Assignment |
The entries must be set down again word for word; no pictures belong in the copy.
[[ Task material, beginning ]]
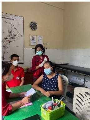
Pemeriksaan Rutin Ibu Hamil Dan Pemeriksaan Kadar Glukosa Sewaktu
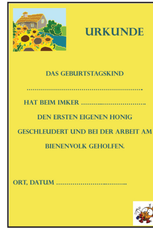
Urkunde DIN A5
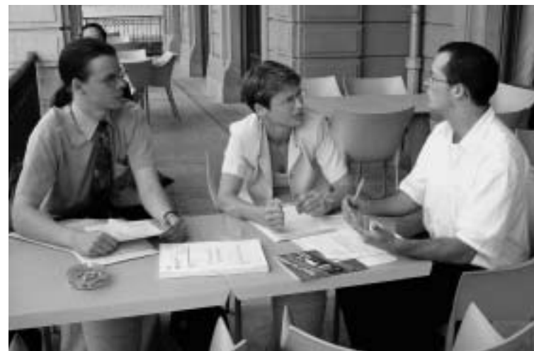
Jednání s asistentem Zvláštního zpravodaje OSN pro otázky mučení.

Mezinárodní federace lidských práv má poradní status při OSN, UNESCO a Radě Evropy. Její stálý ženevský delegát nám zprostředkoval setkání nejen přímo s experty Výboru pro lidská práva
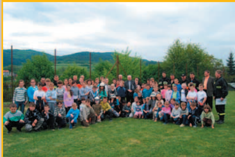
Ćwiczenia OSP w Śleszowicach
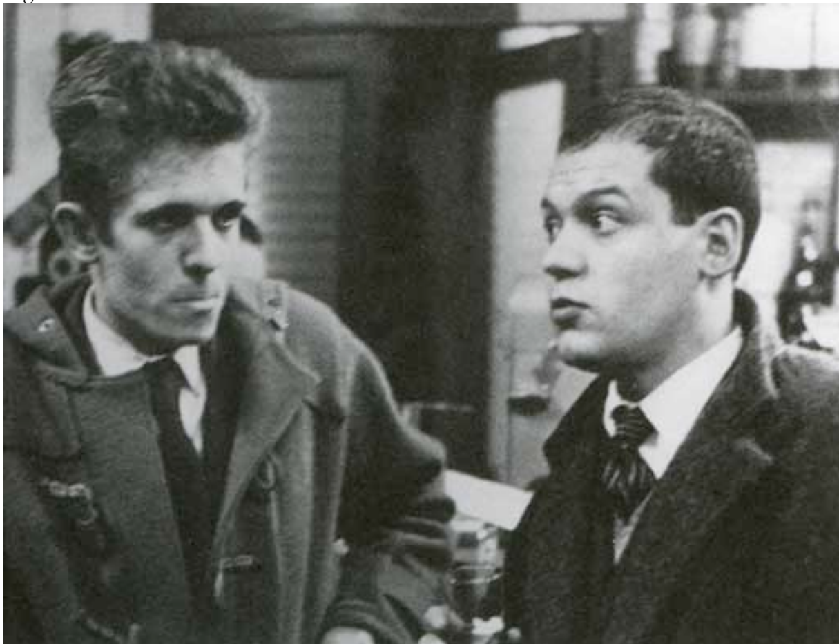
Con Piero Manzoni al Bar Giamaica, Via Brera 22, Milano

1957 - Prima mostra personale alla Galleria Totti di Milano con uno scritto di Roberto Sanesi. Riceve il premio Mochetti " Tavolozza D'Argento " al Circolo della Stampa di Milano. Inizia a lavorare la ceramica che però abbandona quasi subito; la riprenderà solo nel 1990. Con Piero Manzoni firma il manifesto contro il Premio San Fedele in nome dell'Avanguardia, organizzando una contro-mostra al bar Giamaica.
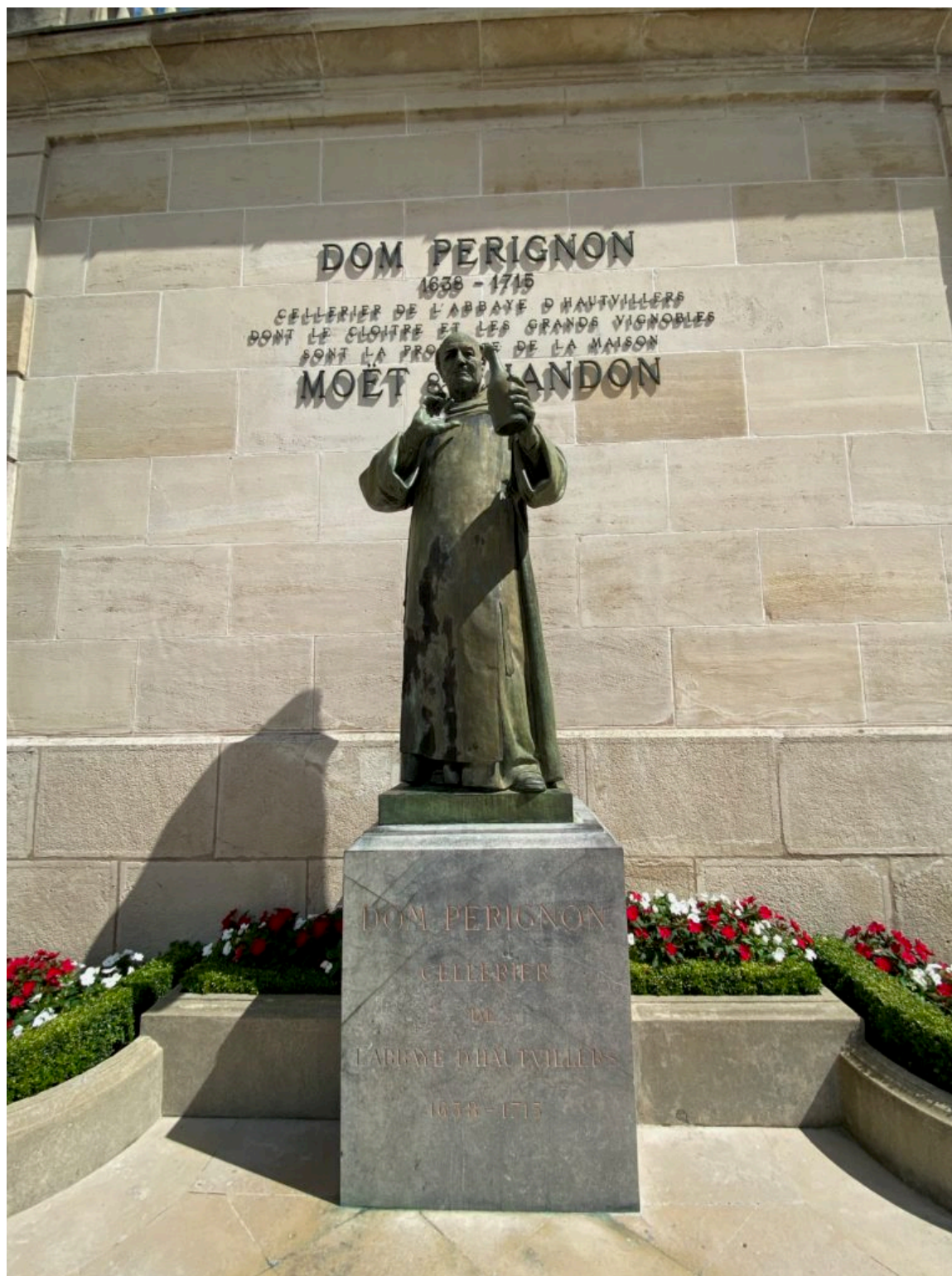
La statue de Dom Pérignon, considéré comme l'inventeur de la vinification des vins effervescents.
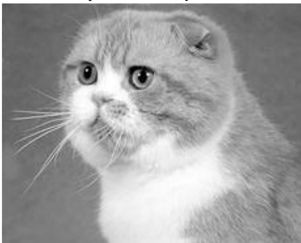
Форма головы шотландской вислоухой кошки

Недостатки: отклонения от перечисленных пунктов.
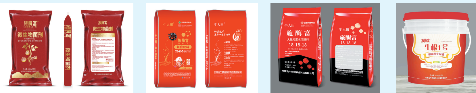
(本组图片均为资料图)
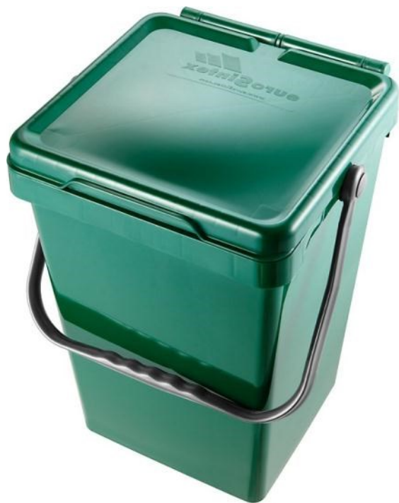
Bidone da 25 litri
[[ Task material, end ]]
Task result |
Pemeriksaan Rutin Ibu Hamil Dan Pemeriksaan Kadar Glukosa Sewaktu
Urkunde DIN A5
Jednání s asistentem Zvláštního zpravodaje OSN pro otázky mučení.

Mezinárodní federace lidských práv má poradní status při OSN, UNESCO a Radě Evropy. Její stálý ženevský delegát nám zprostředkoval setkání nejen přímo s experty Výboru pro lidská práva
Ćwiczenia OSP w Śleszowicach
Con Piero Manzoni al Bar Giamaica, Via Brera 22, Milano

1957 - Prima mostra personale alla Galleria Totti di Milano con uno scritto di Roberto Sanesi. Riceve il premio Mochetti " Tavolozza D'Argento " al Circolo della Stampa di Milano. Inizia a lavorare la ceramica che però abbandona quasi subito; la riprenderà solo nel 1990. Con Piero Manzoni firma il manifesto contro il Premio San Fedele in nome dell'Avanguardia, organizzando una contro-mostra al bar Giamaica.
La statue de Dom Pérignon, considéré comme l'inventeur de la vinification des vins effervescents.
Форма головы шотландской вислоухой кошки

Недостатки: отклонения от перечисленных пунктов.
(本组图片均为资料图)
Bidone da 25 litri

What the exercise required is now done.